Not until I was a freshman at the University of Georgia, Athens did I read a poem in English. Of those poems in English 101 F (“F” for foreigners, though I am U.S. born), seven stayed with me. One was Whitman’sI Saw in Louisiana a Live Oak Growing.” At first I thought the metaphor of love and friendship was too chatty, but seven years later I moved past that as I moved to Houston for my medical training and encountered the urban live oak sprawl there. The tree became my confidante and spirit guide for life in an imperial city. Almost a quarter of a century in Houston, and I still look in wonder at the live oaks. The bond has surpassed experience and merged into phenomenology.
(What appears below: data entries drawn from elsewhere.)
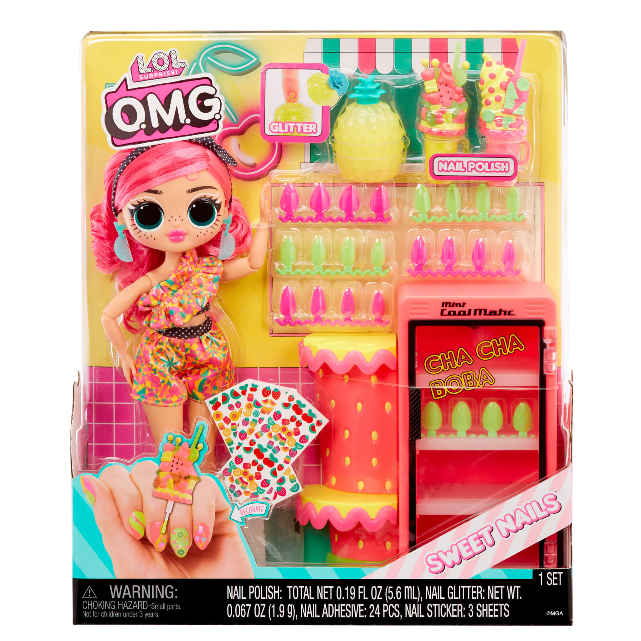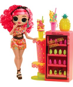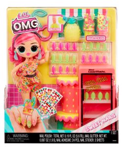 Discover the sweetest surprises with LOL Surprise OMG Sweet Nails – Pinky Pops Fruit including a drink mini fridge with shop counter, unique nail accessories, and vibrant, brand new character Pinky Pops, with colorful, fruit inspired fashions and bright pink gorgeous curly hair!
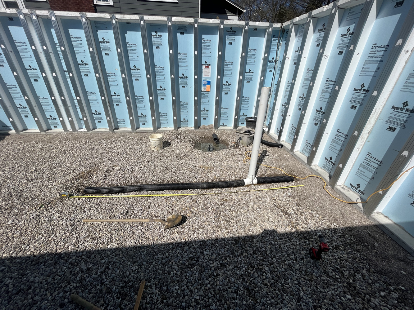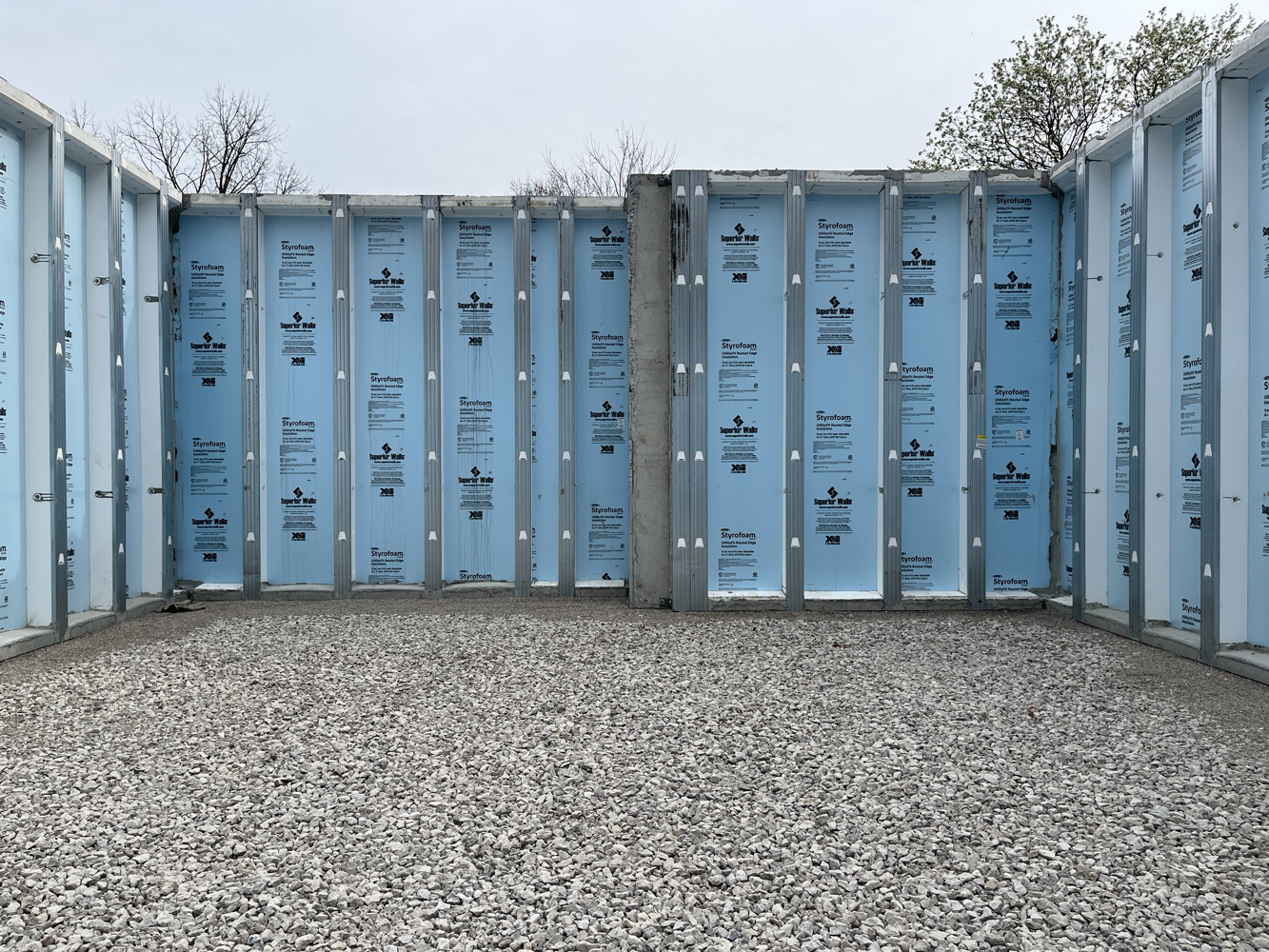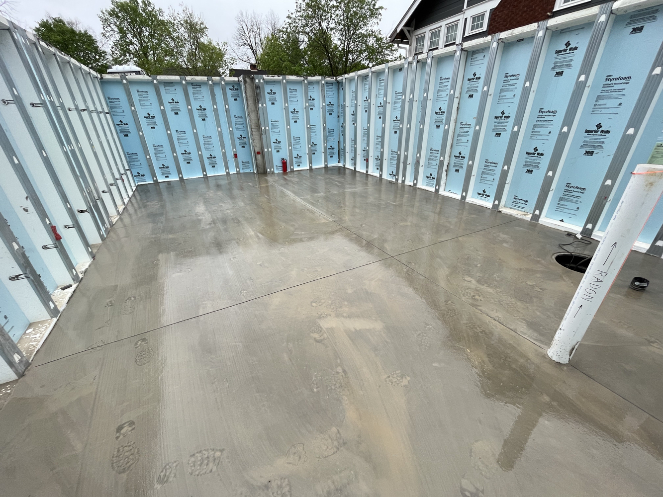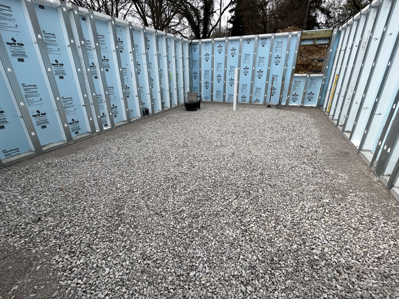 The hole was dug and crushed stone was placed as footing, drainage, and radon venting. Pre-fabricated, insulated concrete panels were craned in to create a foundation and basement.
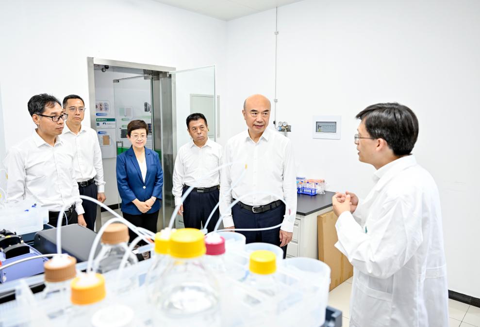 Liu, also a member of the Political Bureau of the Communist Party of China Central Committee, visited Peking University's School of Pharmaceutical Sciences to learn about medical research and development, as well as the construction and operations of key laboratories, and listened to opinions from various relevant parties at a symposium.
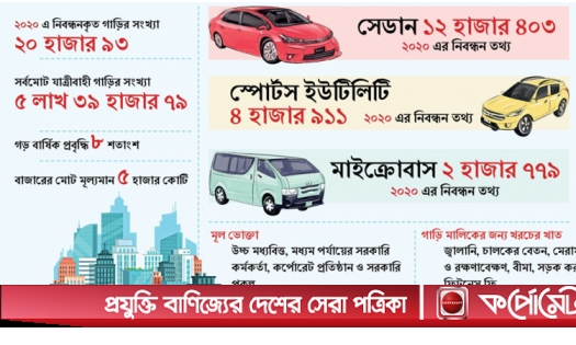 বাংলাদেশ সড়ক পরিবহন কর্তৃপক্ষের (বিআরটিএ) দেওয়া তথ্য অনুযায়ী, ২০২০ সালে মাত্র ২০ হাজার ৯৩টি ব্যক্তিগত গাড়ির নিবন্ধন হয়েছে, যেটি আকারের দিক দিয়ে মোটরযান শিল্পের মাত্র ৫ দশমিক ৩ শতাংশের সমান।
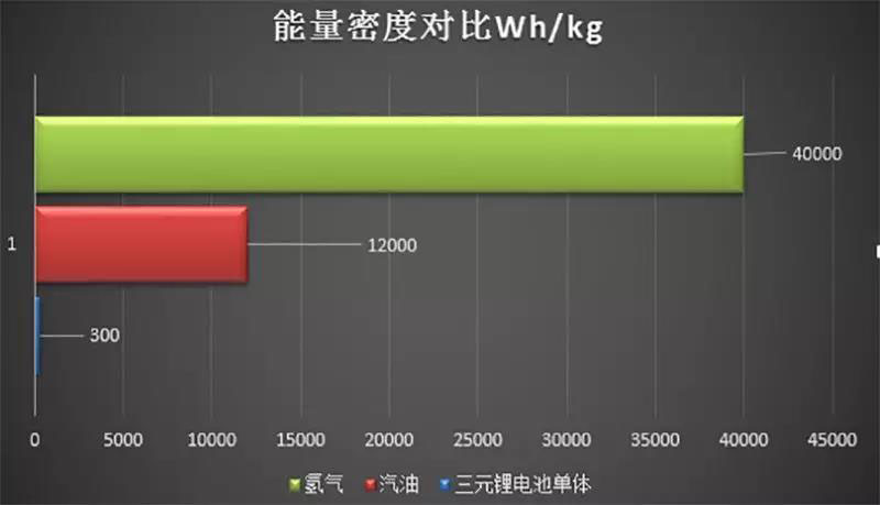 若要更直觀地理解這個(gè)數(shù)據(jù),可以換算成電動(dòng)車(chē)?yán)锍S玫腤h/kg能量密度單位。高能量密度的三元鋰電池電芯單體約為300Wh/kg,汽油約為12000Wh/kg,而氫氣達(dá)到了40000Wh/kg,是汽油的3.3倍、三元鋰電池單體的133倍。
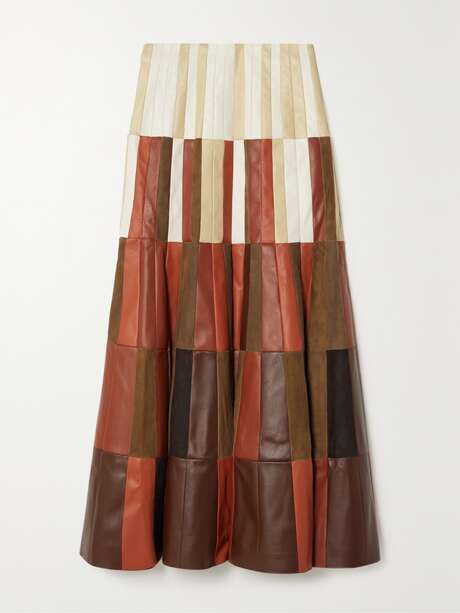 Exquisite craftsmanship is at the core of Gabriela Hearst's collections, as this 'Mayita' skirt elegantly attests. It's made from panels of suede and leather an artisanal marquetry technique in warm terracotta, burgundy, chocolate and cream hues. Pair yours with a fine-knit sweater.
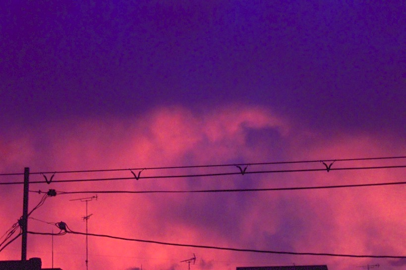 火事っ!? ではありません。夕焼けです。すごく赤くてきれい。
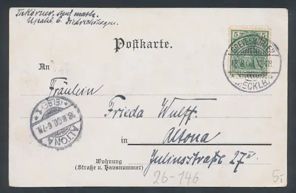 alte Ansichtskarte, gelaufen 1900, Ecken bestoßen, sonst guter Zustand
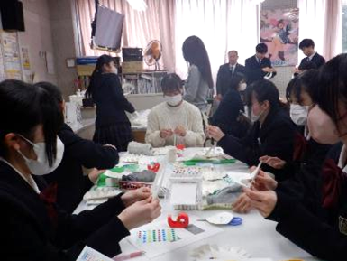 まず敬徳高校では、紙皿コマや紙皿ひこうきづくりを体験させていただきながら、活動内容の紹介や制作のポイントについて共有しました。高校生と短大生が同じテーブルで制作を体験しながら、当日の活動について具体的なイメージを持つ時間となりました。
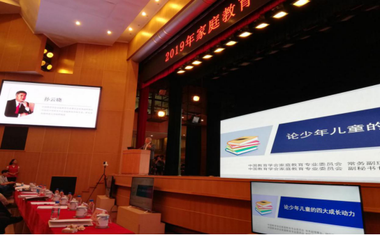 来自全国各地的教育专家分别进行主旨发言,共谈家庭教育,纵横捭阖,论点精辟。在家庭教育理论集中探讨之后,此次年会还进行六个分论坛的实践展示与交流,每个分论坛均根据主题组织学校分享、学术报告、学术沙龙活动。大会最后,中国教育学会家庭教育专业委员会常务副理事长孙云晓作2019年家庭教育学术年会闭幕式总结性发言。孙云晓深情地表示:参加这次年会,最深的感受是两个字——幸福。幸福是一种期待,幸福是一份虔诚,幸福是一颗初心,幸福是一起分享。如何开启儿童成长动力,培养具有家国情怀的优秀少年?他认为体验、榜样、目标、习惯是儿童成长动力中特别重要的四大因素。
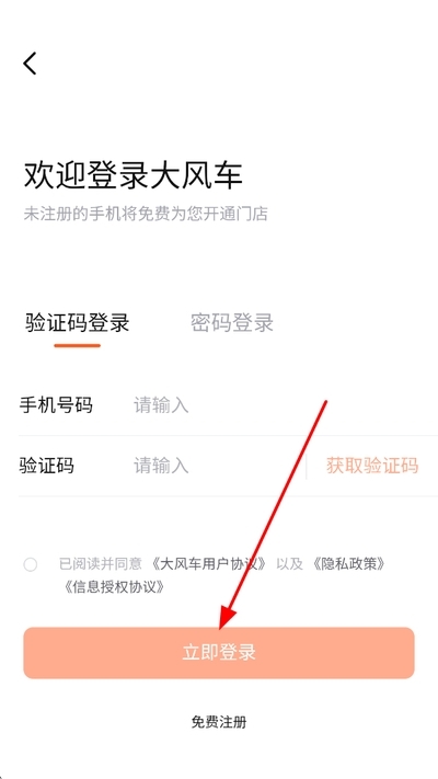 2、注册输入手机号,获取并填写验证码,完成商家账号注册。
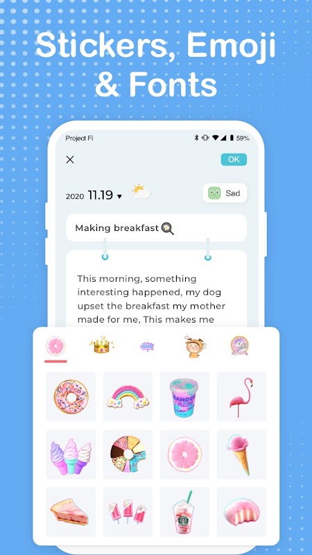 Use different styles of themes, fonts, and stickers to create a unique personal diary. More interesting stickers, emoticons, fonts, constantly updating.
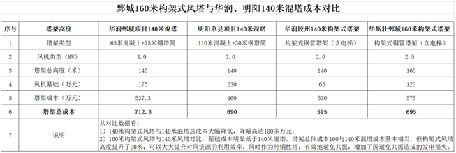 以菏澤鄄城160米項目為例,與菏澤華潤和明陽140米剛性混塔進行成本對比,具體見下表:
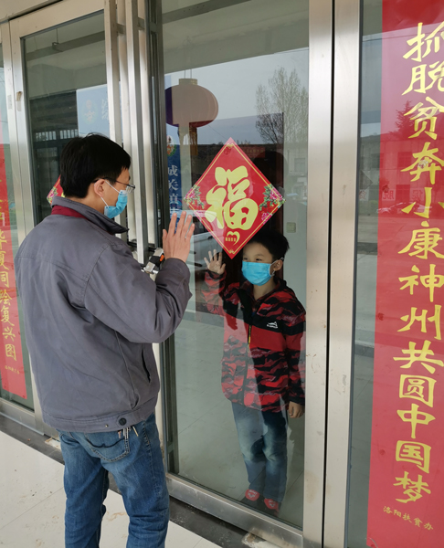 王建栋带着院党委的殷切期望,拉着满满一车由院出资购买的疫情防控慰问品再次踏上了“回家”之路。因为得知汝阳县全县禁行,他便提前联系了乡镇包村干部和村支书到高速路口来接。但是来接的两位老大哥却带来了让他失望的消息:“经向镇疫情防控指挥部请示,由于涧西区是洛阳市新冠肺炎确诊病例最多的区域,不能到村,由我们两位代表村里对你进行劝返。”王建栋“厚着脸皮”笑着说:“怎么了,我都来了,再回去这么远,你们也忍心啊?再说,完不成院党委交给的任务,我绝不回去!”
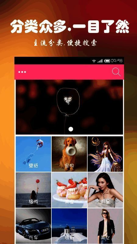 2、有亿万高清图片供你选择,包括美女、风景、网游、娱乐等多种分类,不比安卓壁纸、爱壁纸等软件差;可一键下载替换桌面壁纸,轻松换肤。
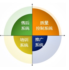 質(zhì)量控制系統(tǒng)、售后服務(wù)系統(tǒng)、應(yīng)用培訓系統(tǒng)、獨特的市場推廣系統(tǒng),讓經(jīng)銷商60天內(nèi)快速賺錢
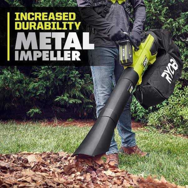 The RYOBI 40V HP Jet Fan Blower/Vacuum makes your yard clean up quick and convenient. This single tube 3-in-1 tool for blowing, vacuuming, and mulching has 40V HP Technology that delivers 2X more power for gas performance. Conveniently change between blow and vacuum mode with the turn of a dial. This tool contains a durable metal impeller to quickly shred debris and eliminate clogs, while mulching 20 bags into 1. The included adjustable harness easily attaches to the unit and provides utmost balance and comfort when getting the job done. As part of the Ryobi 40V system, it is compatible with all 40V batteries.
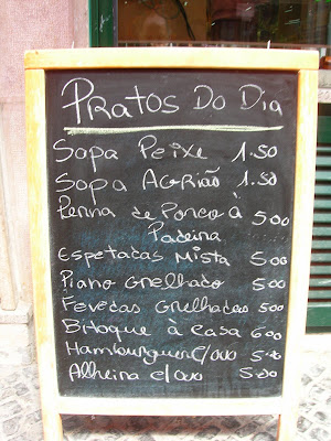 no dia seguinte durante um passeio em Vila Franca de Xira este cardápio aliciante para carnívoros:
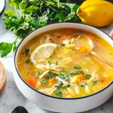 הנה ארוחה המקבילה לשמש בקערה: מרק אורזו עוף לימון ! הדרים Zingy תמיד מרימים את מצב הרוח שלנו, וכמעט מובטח זה יהפוך את היום שלך לבהיר יותר. ארזנו את מתכון המרק החדש הזה עם עוף מגורר רך ואורזו אוורירי, והכל במרק לימון חריף מתובל בשום, אורגנו ושמיר. תקלח אותו עם שמיר טרי או פטרוזיליה וזה המושלם ארוחת ערב קלה (שממשיך לתת עם שאריות!).
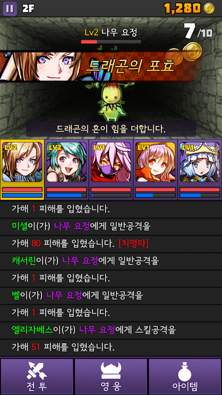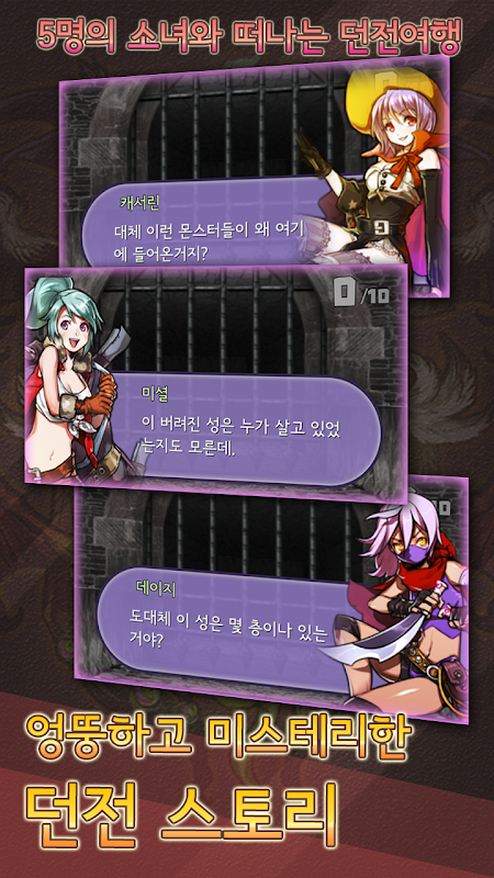 1. 던전탐험 : 몇 층인지도 모르는 끝없는 던전을 탐험하면서 몬스터를 물리치고 금화와 아이템을 보상으로 얻습니다.
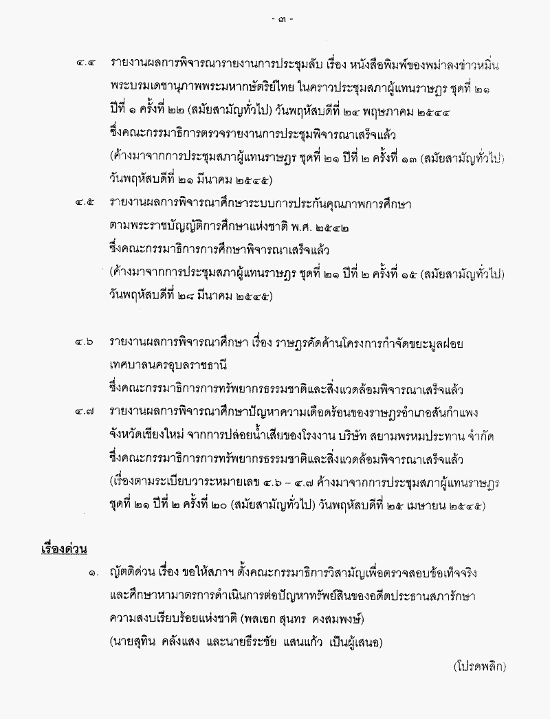 ระเบียบวาระการประชุมสภาผู้แทนราษฎร > ชุดที่ 21 > ปีที่ 2 > สมัยสามัญทั่วไป > ครั้งที่ 22
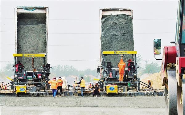 4月24日上午,工人們?yōu)?29國(guó)道改建路段鋪設(shè)第一層碎石路基。據(jù)了解,329國(guó)道改建路段全長(zhǎng)5.879公里,西起商水縣童崗村,折而向南又向東,至后趙寨村,呈直角形,為城市主干道,雙向八車(chē)道。
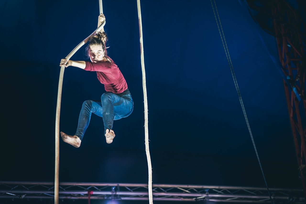 Sus disciplinas circenses se complementan con movimiento, texto y teatro. “Huimos de lo estético y buscamos darle más sentido al contenido que a la forma. Como consecuencia, hay momentos en nuestras propuestas en las que nos servimos del elemento aéreo, pero para integrarlo en el tema que queremos contar, de modo que podemos estar subidas simplemente mirando o respirando”, matiza Sabrina.
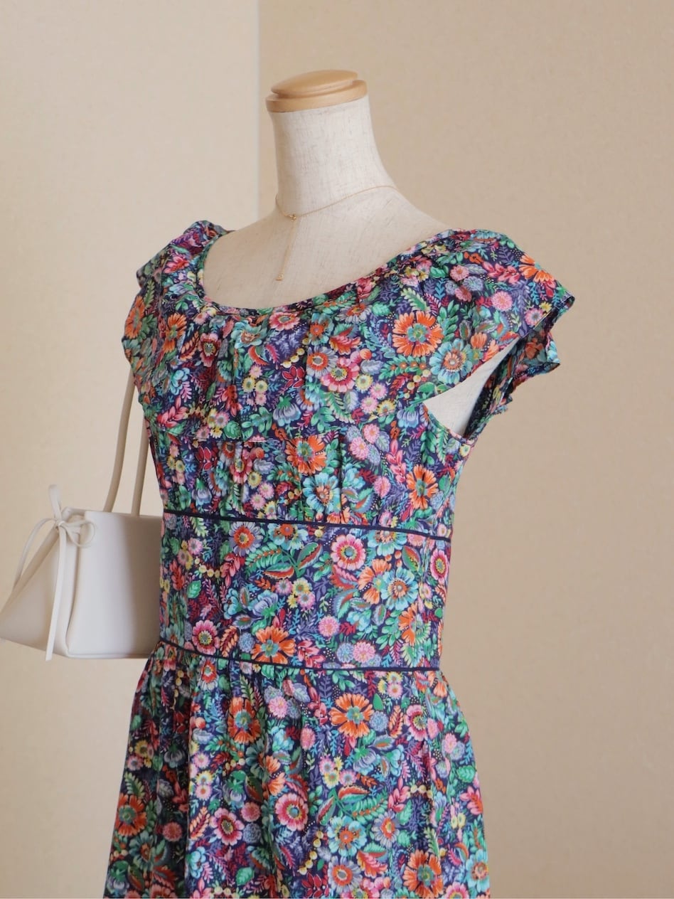 深みのあるネイビーをベースにした多色使いのボタニカル柄が、サイケデリックかつナチュラルで大人な雰囲気を感じさせてくれます。

The trees are a sort of mirage, a decoy to their immense subterranean life forces that I let lead me as if I were one with their society. I sense the souls of live oaks, their glorious majesty that a hurricane rarely topples. And it physically pains me when harm befalls one of them, mostly through human hands. The tree’s mosaic bark, puzzle pieces of cathedral skin, their exposition of trunks and branches, a stance rooted in dance, so that my gaze (as servant of my being in the company of these trees) surrenders its certainty about motion. Are they not nerve cells that send their dendrites and endings toward the stars, their roots toward the hearth, their rhizomes as memory sheath? To watch and hear the sea through live oaks when the species of wind blow. To be surrounded by live oaks that return life to the poem and the poem to life.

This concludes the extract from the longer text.